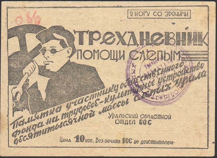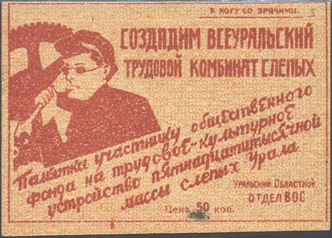 1932 г. Областной выпуск. Одноцветная двухсторонняя печать на толстой бумаге низкого качества различных цветов. На лицевой стороне в рамке разм. 75 х 52 мм слева слепой рабочий с гаечным ключом на фоне заводского оборудования. Текст: «В ногу со зрячими. Создадим всеуральский трудовой комбинат слеп…
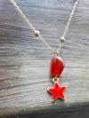 Gümüştel El Sanatları Sertifikalı Akik Doğal Taş Tasarım Kolye El Yapımı Kırmızı Yıldız Obje Detaylı
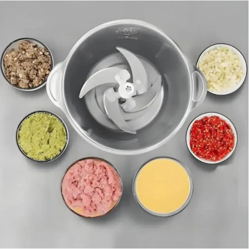 Hoffmans HM-8840 – потужний металевий подрібнювач об’ємом 2 літри та потужністю 1200 Вт, створений для ефективного подрібнення овочів, фруктів, горіхів, сухарів та інших продуктів. Надійний мотор забезпечує стабільну роботу навіть при тривалому використанні, а корпус із високоякісного металу гарантує довговічність і стійкість до пошкоджень.
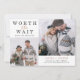 Este simples e na moda de casamento salve o cartão de data para sua nova data de casamento remarcada apresenta duas das suas fotos pessoais favoritas, juntamente com o clássico texto elegante de cinza escura e o falso roteiro de ouro rosa que diz "vale a pena esperar" por um olhar minimalista espantoso.
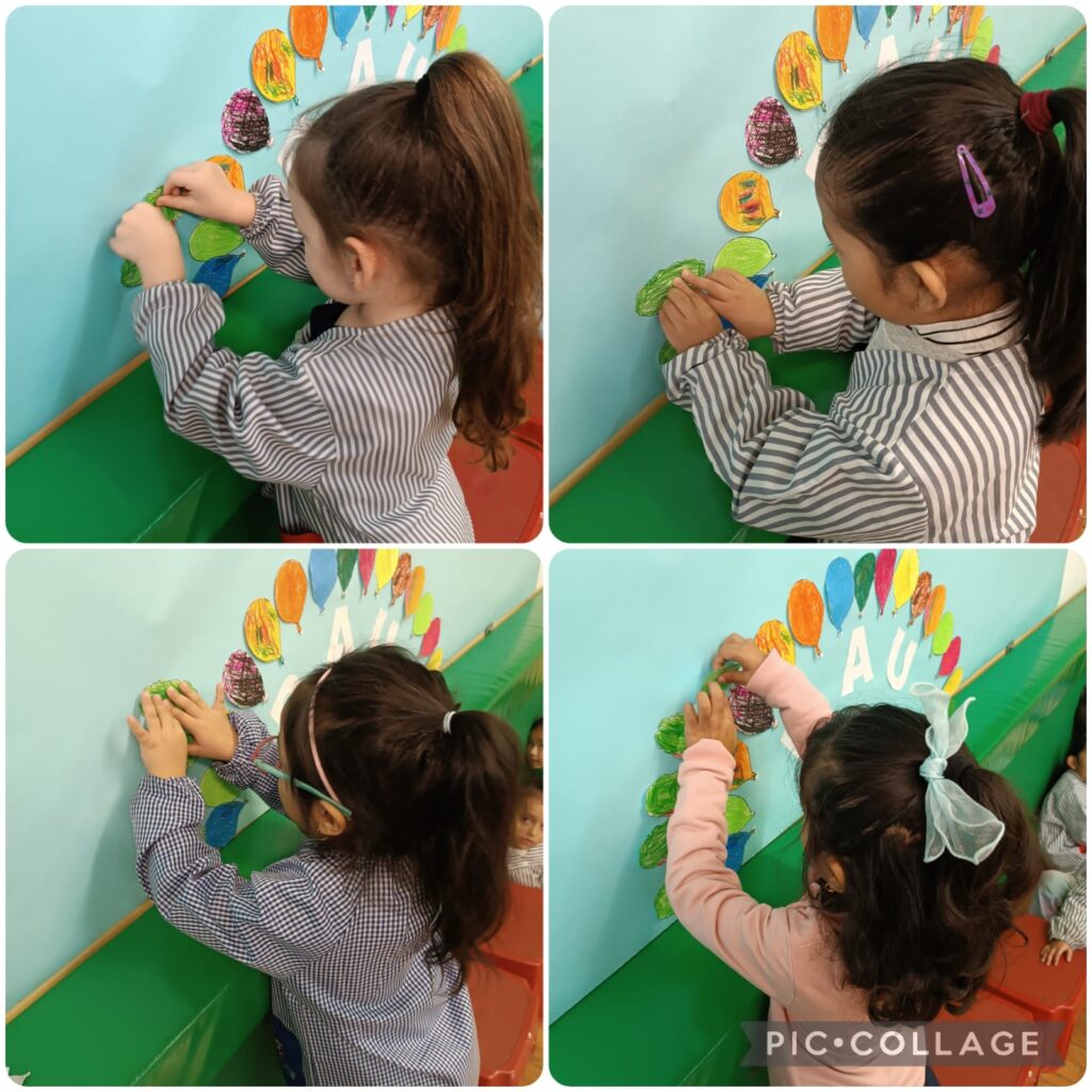 Després de fer aquesta activitat tan maca entre tota l’escola, la classe d’I4 també han decorat un colom amb boletes de cotó.
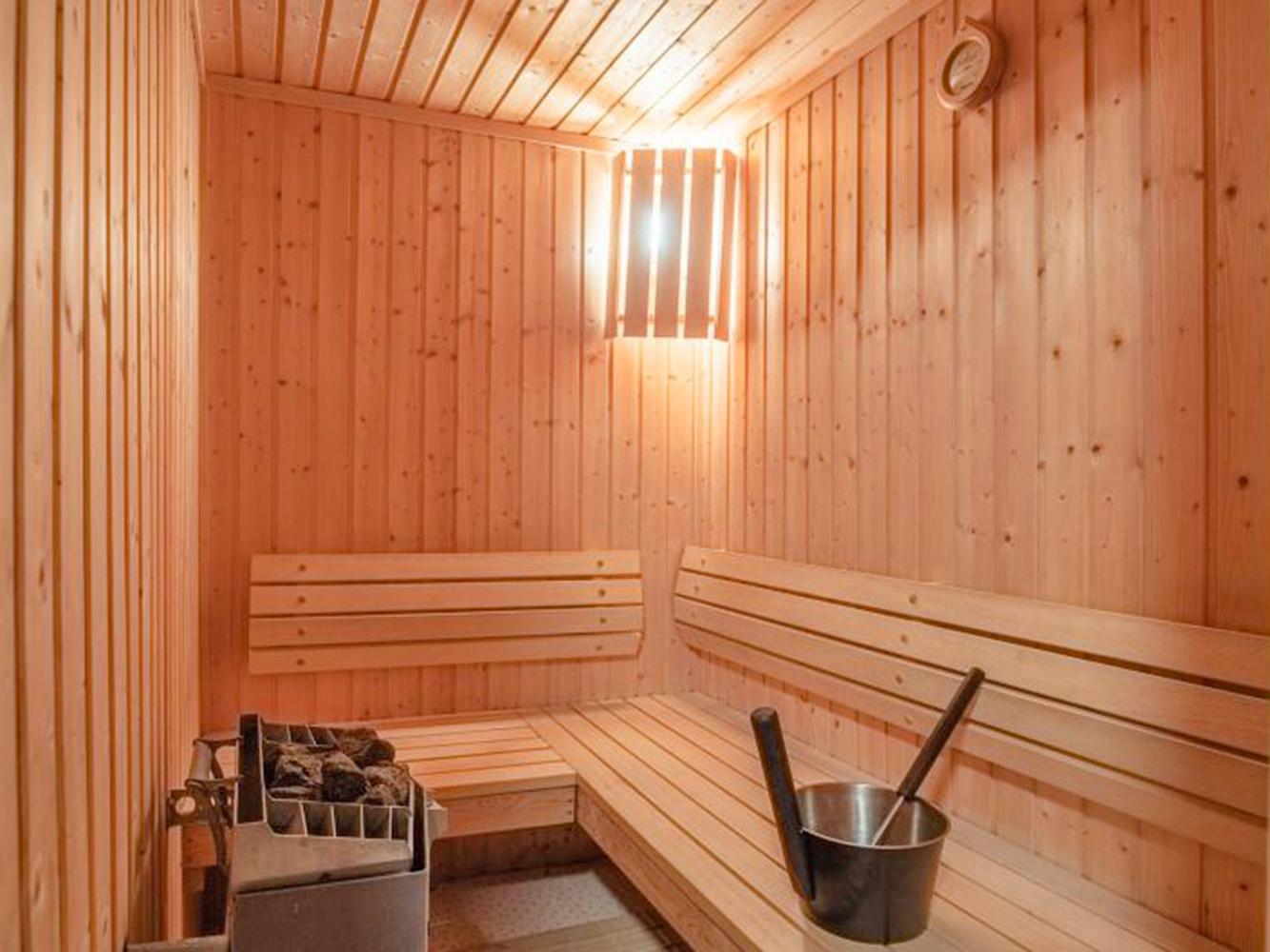 After an eventful day of skiing, relax in the living area with its open fireplace, sofas, armchairs and large flat-screen TV. Enjoy a drink in the lounge with bar and sitting area. Professional, fully equipped kitchen. The dining room with several tables seats 34 people comfortably. There is also a relaxation area with sauna (approx. 4 pers.) on the same floor. Separate WC (handicapped accessible).

§ §

Task statement -> The line containing "Este simples e" and every line after it, up to the last line of the data, should be returned exactly, without the pictures.

Task result ->
 Este simples e na moda de casamento salve o cartão de data para sua nova data de casamento remarcada apresenta duas das suas fotos pessoais favoritas, juntamente com o clássico texto elegante de cinza escura e o falso roteiro de ouro rosa que diz "vale a pena esperar" por um olhar minimalista espantoso.
 Després de fer aquesta activitat tan maca entre tota l’escola, la classe d’I4 també han decorat un colom amb boletes de cotó.
 After an eventful day of skiing, relax in the living area with its open fireplace, sofas, armchairs and large flat-screen TV. Enjoy a drink in the lounge with bar and sitting area. Professional, fully equipped kitchen. The dining room with several tables seats 34 people comfortably. There is also a relaxation area with sauna (approx. 4 pers.) on the same floor. Separate WC (handicapped accessible).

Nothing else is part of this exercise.